If you’re not techie insider, I’ll briefly rehash the Google/Apple scenario. Google has long had a philosophy of making systems and software open and transparent, which in theory leads to the ability to tap into the minds of more and more developers — the idea is that the collective wisdom and passionate creators will deliver the best stuff out of the crowd. Apple, on the other hand, supports a closed system as a way toward better design and simplicity — Apple gadgets just work seamlessly, like magic, but they’re tightly controlled and mostly only work within their own ecosystems.
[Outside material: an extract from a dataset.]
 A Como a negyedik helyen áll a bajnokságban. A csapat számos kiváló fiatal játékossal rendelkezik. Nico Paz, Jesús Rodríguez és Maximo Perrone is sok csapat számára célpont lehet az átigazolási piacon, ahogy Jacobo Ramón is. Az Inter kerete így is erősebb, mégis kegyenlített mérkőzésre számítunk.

The mainstream electric car needs to support the closed, magic — it just works! — model. Why? First off, there’s little room for beta software mistakes in the automotive transportation world. An electric car that shuts down or freezes up because of half-baked software is the equivalent of a lawsuit or a PR nightmare.

Fisker Karmas

Electric car startup Fisker Automotive (which is not open source at all) has struggled in recent months partly because of software glitches, leading to some of its early adopter customers venting online, and a variety of negative press. The equivalent of Google launching a beta project onto the web, and the ecosystem of developers playing with and perfecting the tool, doesn’t really work for a mainstream car.
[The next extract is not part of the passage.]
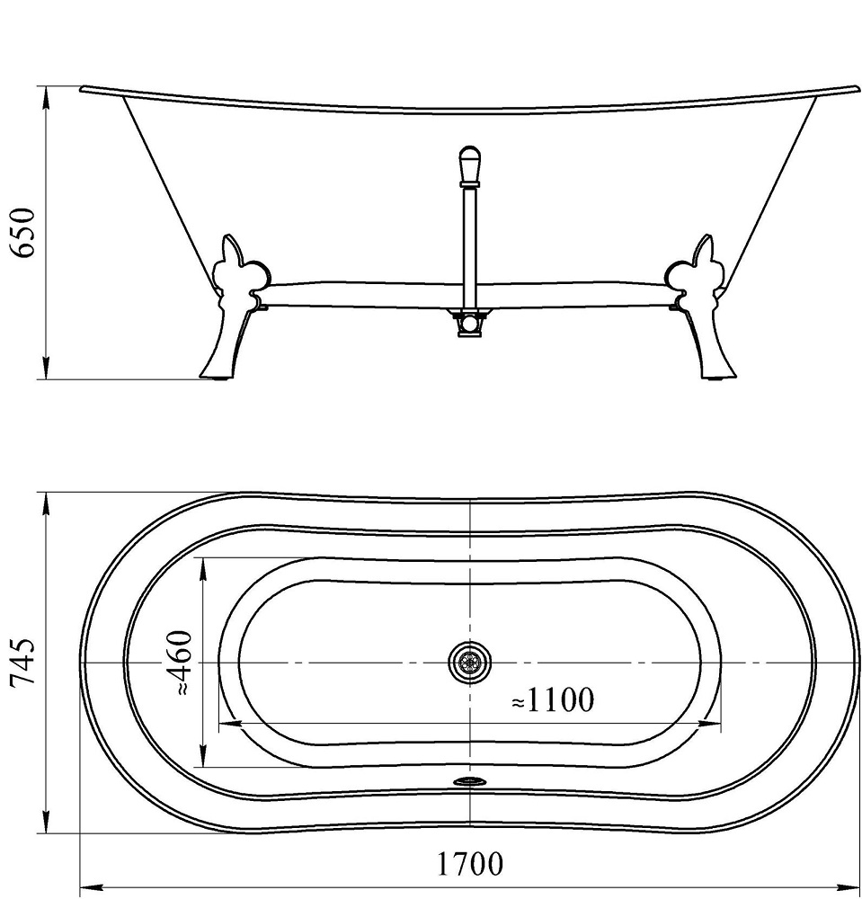 Акриловая ванна Fra Grande Орли 170*74,5 комплектация хром

Yes, in a niche DIY community, open sourcing ideas about cars and electric cars is great, but I’m talking about the future of the mass produced electric car. The Nissan all-electric LEAF and GM’s extended range electric Volt are about the most mainstream, standard cars we have out there. I’ll also clarify that I’m talking about the design and creation of the car, not the ecosystem around the car’s data, which I think will eventually be an interesting and growing platform.

Secondly, for the electric car to go mainstream, it can’t continue to be pushed by the DIY, plug-in community, which is the equivalent of the open source tinkerer in the car world. Through our Green:Overdrive Show we’ve championed the DIY electric car folks, from putting a plug on a Prius, to stripping down funky cars and filling them up with batteries. And about four years ago former Intel Chairman Andy Grove compared the grassroots plug-in hybrid vehicle movement to the 1970s-era Northern California Homebrew Computer Clubs that paved the way for the personal computer.

But I hope the electric vehicle movement has finally started to move beyond that homebrew stage. Nissan has sold 27,000 LEAFs worldwide, with 11,000 of those in the U.S. GM hopes that it will soon start selling 3,000 Volts per month, with a record month of sales of 2,289 Volts in March.

Tesla is the electric car company that most resembles Apple’s model — make an electric car and a high-end brand with a cult-like following (yes, the following is still small) and try to protect the brand as it moves into the mainstream. Tesla held a successful IPO in the Summer of 2010, and its stock traded as high as $ 40 per share last month.